*** Block opens ***

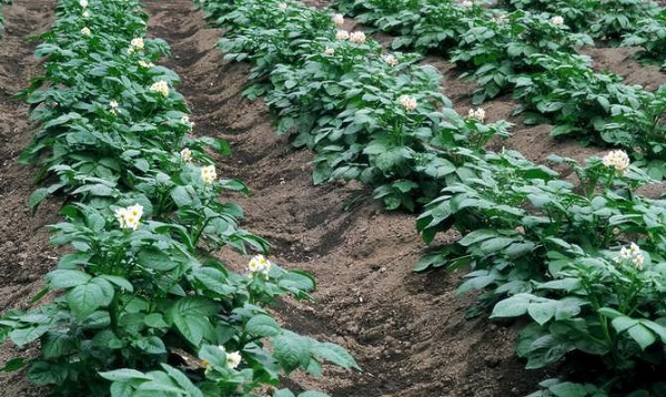 Once the last threat of frost has passed, you can begin planting potatoes in open beds. This should be done in the third ten days of May, when the weather has warmed up sufficiently. Don't forget to prepare the soil by thoroughly digging and loosening it, and adding organic fertilizer to the holes. Plant the potatoes in shallow (about 10 cm) holes, thoroughly moistened beforehand. Firm the plants down so that only the top three leaves remain above the surface. It's best to provide additional protection for the bed by creating a small greenhouse. This will help the young plants establish good roots and become strong. Remove the cover once the seedlings begin to actively develop and become fully established. Further care consists of regular watering, loosening the soil, and removing weeds. However, you should also monitor for possible insect attacks.
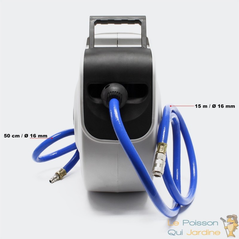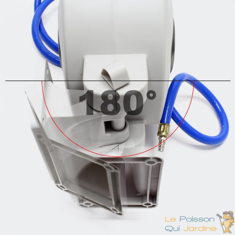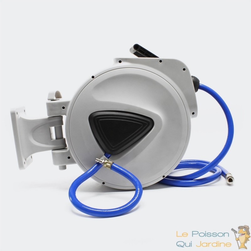 Cet enrouleur possède un arrêt automatique. C'est-à-dire que vous tirer la longueur du tuyau nécessaire, et il s'arrête automatiquement. Il y a aussi la fonction de rappel qui permet d'enrouler automatiquement le tuyau à la fin du travail. Pas besoin de le faire manuellement.
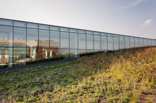 47300平方英尺的绿色屋顶覆盖了该建筑70%以上的屋顶表面,是宾夕法尼亚州最大的绿色屋顶之一,在该建筑的雨水管理系统中发挥着关键作用。查尔斯图书馆场地的设计是为了最大限度地收集和保留雨水,包括绿色屋顶,地面可透水的广场和道路,可渗入雨水的园景种植地,以及两个地下集水区,在暴雨期间可以一起储存和处理近50万加仑的水。
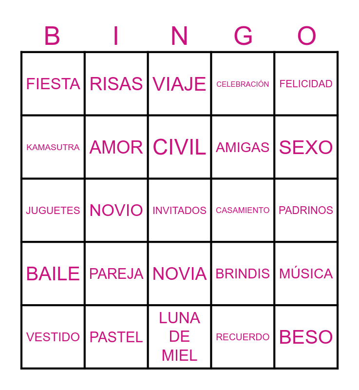 This bingo card has 30 words: PASTEL, RAMO, NOVIO, ANILLO, FIESTA, VIAJE, AMOR, NOVIA, CASAMIENTO, LUNA DE MIEL, PADRINOS, INVITADOS, RECUERDO, BESO, SEXO, LIGA, BRINDIS, BAILE, PAREJA, FELICIDAD, JUGUETES, NIÑOS?, RISAS, AMIGAS, KAMASUTRA, CELEBRACIÓN, MÚSICA, VESTIDO, CIVIL and ESPOSOS.
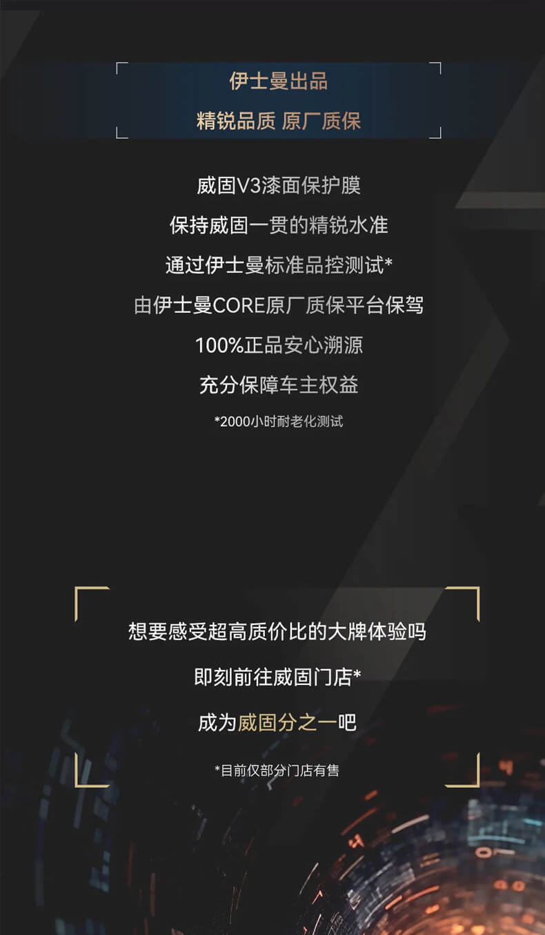 官方授权 电子质保 威固隐形车衣透明漆面保护膜V-3
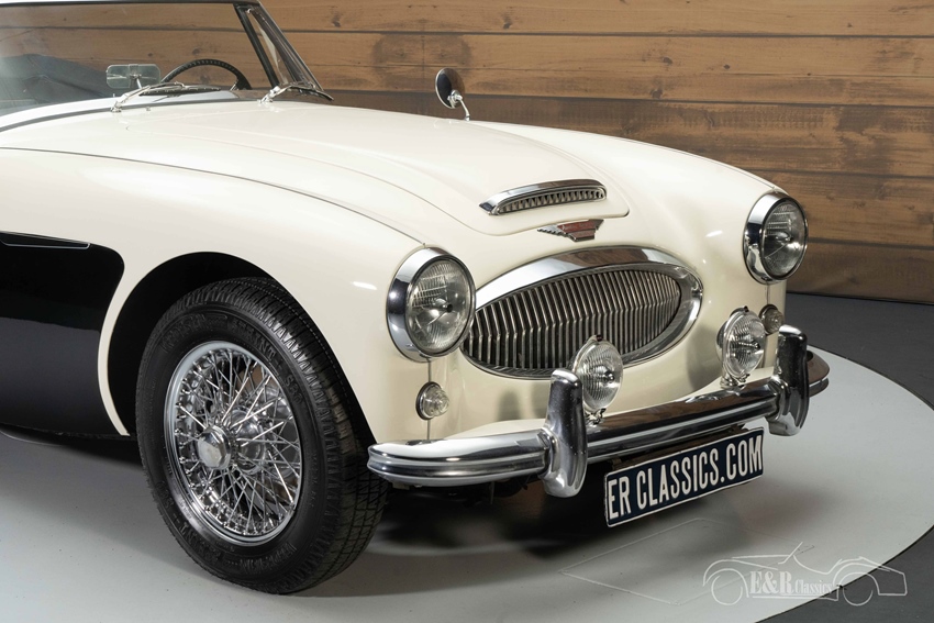 Austin-Healey 3000 MK3 in Old English White te koop De Austin-Healey 3000 MK3 die we hier te koop aanbieden is uitgevoerd in de prachtige kleur Old English White. Om de auto extra karakter te geven is er gekozen voor een zwart vlak op de zijkant wat er een echte eyecatcher van maakt. De chromen spaakwielen en accessoires maken de klassieke look compleet. Het interieur verkeert in een nette, originele staat en heeft een notenhouten dashboard. De bekleding vertoont hier en daar wat kleine gebruikssporen. Er is een nieuwe soft top geplaatst die u in een handomdraai inklapt zodat u heerlijk kunt genieten van de buitenlucht tijdens het toeren.

*** Block closes ***

PROBLEM TO WORK ON >> An exact reproduction of the data above is required, with every picture removed.

WRITTEN REPLY >>
 Once the last threat of frost has passed, you can begin planting potatoes in open beds. This should be done in the third ten days of May, when the weather has warmed up sufficiently. Don't forget to prepare the soil by thoroughly digging and loosening it, and adding organic fertilizer to the holes. Plant the potatoes in shallow (about 10 cm) holes, thoroughly moistened beforehand. Firm the plants down so that only the top three leaves remain above the surface. It's best to provide additional protection for the bed by creating a small greenhouse. This will help the young plants establish good roots and become strong. Remove the cover once the seedlings begin to actively develop and become fully established. Further care consists of regular watering, loosening the soil, and removing weeds. However, you should also monitor for possible insect attacks.
 Cet enrouleur possède un arrêt automatique. C'est-à-dire que vous tirer la longueur du tuyau nécessaire, et il s'arrête automatiquement. Il y a aussi la fonction de rappel qui permet d'enrouler automatiquement le tuyau à la fin du travail. Pas besoin de le faire manuellement.
 47300平方英尺的绿色屋顶覆盖了该建筑70%以上的屋顶表面,是宾夕法尼亚州最大的绿色屋顶之一,在该建筑的雨水管理系统中发挥着关键作用。查尔斯图书馆场地的设计是为了最大限度地收集和保留雨水,包括绿色屋顶,地面可透水的广场和道路,可渗入雨水的园景种植地,以及两个地下集水区,在暴雨期间可以一起储存和处理近50万加仑的水。
 This bingo card has 30 words: PASTEL, RAMO, NOVIO, ANILLO, FIESTA, VIAJE, AMOR, NOVIA, CASAMIENTO, LUNA DE MIEL, PADRINOS, INVITADOS, RECUERDO, BESO, SEXO, LIGA, BRINDIS, BAILE, PAREJA, FELICIDAD, JUGUETES, NIÑOS?, RISAS, AMIGAS, KAMASUTRA, CELEBRACIÓN, MÚSICA, VESTIDO, CIVIL and ESPOSOS.
 官方授权 电子质保 威固隐形车衣透明漆面保护膜V-3
 Austin-Healey 3000 MK3 in Old English White te koop De Austin-Healey 3000 MK3 die we hier te koop aanbieden is uitgevoerd in de prachtige kleur Old English White. Om de auto extra karakter te geven is er gekozen voor een zwart vlak op de zijkant wat er een echte eyecatcher van maakt. De chromen spaakwielen en accessoires maken de klassieke look compleet. Het interieur verkeert in een nette, originele staat en heeft een notenhouten dashboard. De bekleding vertoont hier en daar wat kleine gebruikssporen. Er is een nieuwe soft top geplaatst die u in een handomdraai inklapt zodat u heerlijk kunt genieten van de buitenlucht tijdens het toeren.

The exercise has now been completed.